最近気になっていることは世界情勢とAIの進化が社会に与える影響です。さまざまな紛争、貧富の差と分断の問題があり、今年は世界中で大きな選挙が行われます。これに相まって、昨年から生成AIの台頭でAIが作るコンテンツのクオリティと量が圧倒的に向上し、素晴らしい事例も増えていきますが、残念ながらフェイクニュースも増えてしまうでしょう。世の中の流れに飲み込まれずに、根っこのところで「世界を幸せにしたいんだ」という柱をもった人を世界中で増やすことが重要だと考えています。大切にしていることは「好奇心」です。世界で何が起きているのか、自分と全く違う境遇の人達が何を体験し、何を考えているのか、知ることが大事だと思っています。

山﨑 富美(やまざき ふみ)
早稲田大学法学部卒業後、NTTに入社、法人営業を行う。インタースコープに転職し、マーケティングリサーチに従事。デジタルガレージグループにてブログ検索エンジン「テクノラティジャパン」の立ち上げと運営、ベンチャー投資、テレビ番組BlogTVの制作、カンファレンス運営等に携わった後、フリーランスに。2009年よりGoogleにて、Developer Relations Team Japan leadとして開発者支援を行う。東日本大震災に際しては日本中のエンジニア達が被災地のために開発を行う「Hack for Japan」を、次の災害に備えるために東日本大震災に関する様々な企業がもつデータを分析する「東日本大震災ビッグデータワークショップ -Project311-」を、東北で若者達がテクノロジーについて学び、教え合う場として「東北Tech道場」を立案、企画、運営した。渡米後、Social Impact Teamというテクノロジーを使って社会をよくするというミッションのチームで活動の後、Advanced Technology and Projects Team(ATAP)にて、レーダー技術を使った新しいセンサーを開発するProject Soliや導電性の糸を使ったウェアラブルを開発するProject Jacquardでプログラムマネジメントを担当。

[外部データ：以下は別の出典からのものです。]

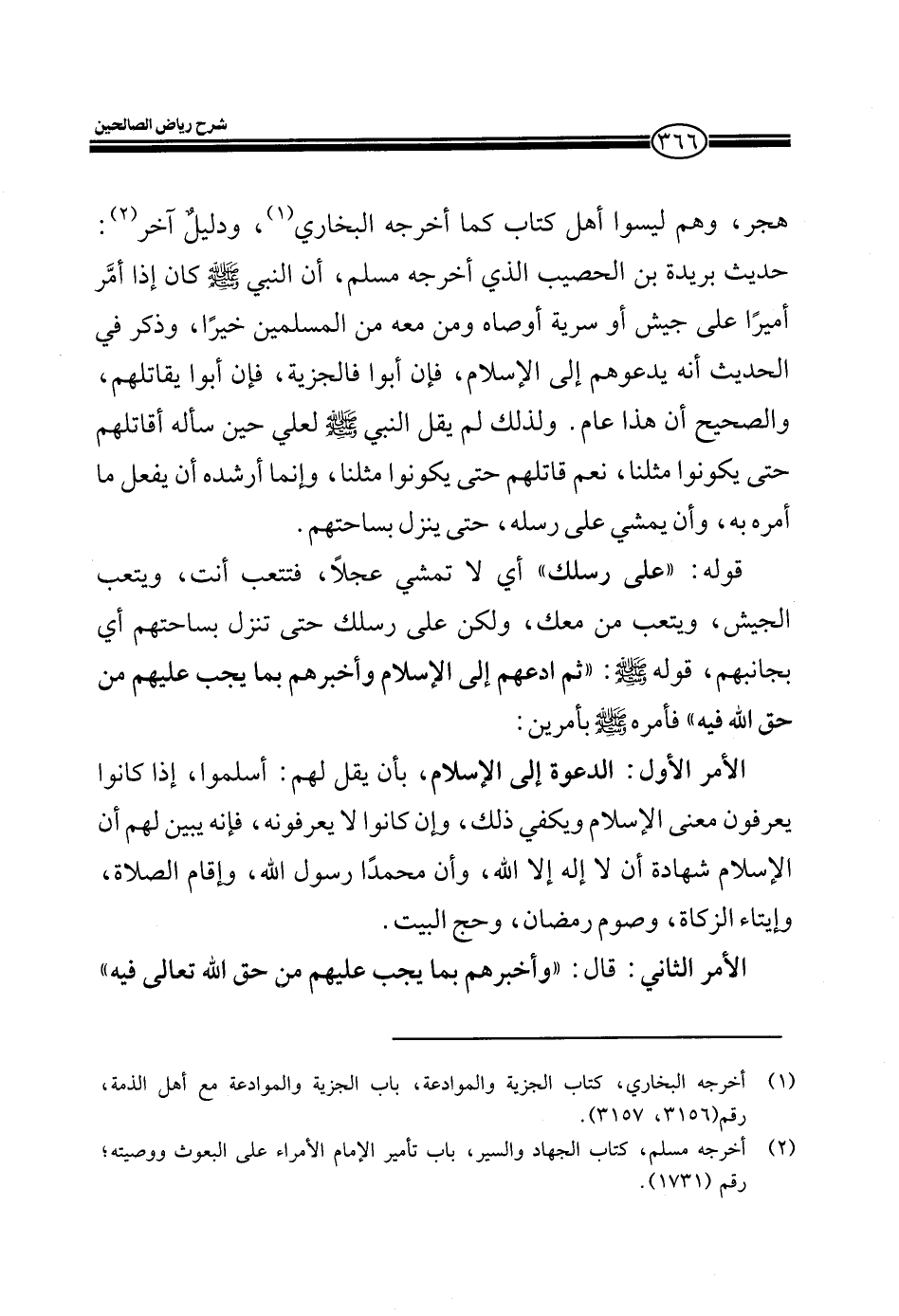 هجر، وهم ليسوا أهل كتاب كما أخرجه البخاري، ودليلٌ آخر: حديث بريدة بن الحصيب الذي أخرجه مسلم، أن النبي صلى الله عليه وسلم كان إذا أمر أميراً على جيش أو سرية أوصاه ومن معه من المسلمين خيراً وذر في الحديث ا، هـ يدعوهم إلى الإسلام، فإن أبوا فالجزية فإن أبوا يقاتلهم والصحيح أن هذا عام. ولذلك لم يقل النبي صلى الله عليه وسلم لعلي حين سأله أقاتلهم حتى يكونوا مثلنا، نعم قاتلهم حتى يكونوا مثلنا، وإنما أرشده أن يفعل ما أمره به، وأن يمشي على رسله، حتى ينزل بساحتهم.

2018年より2022年まで、AR技術の開発会社 Niantic にて、ポケモン GO、Ingress、Niantic Lightship等のアジアでのマーケティングを担当。

木原 民雄(きはら たみお)
メディアアーティスト、メディアデザイン研究者。メディアデザインの仕掛けや仕組み、メディアアートの企画制作展示方法を探究している。青山学院大学大学院経営工学専攻博士前期課程修了後、NTT入社。ネットワークマネジメント、映像データベース、コミュニティウェア、デジタルサイネージなどの研究開発に従事し、サービス企画や研究戦略にも携わる。博士(情報理工学)(東京大学大学院)。2019年度よりデジタルハリウッド大学及び大学院教授。2022年度より大学院研究科長。1996年頃よりメディアアートの制作を開始。NTT/ICC、メディア芸術祭愛知展などで作品展示。展覧会の企画、監修、展示協力などに関わり続ける。1997年Prix Ars ElectronicaのInteractive Art部門でHonorary Mention、情報処理学会山下記念研究賞など受賞多数。本学では、研究紀要の編集幹事、必修科目「デジタルコンテンツ総合研究」「デジタルコンテンツの理論と実務の架橋」を担当、「リサーチテックラボ」主宰。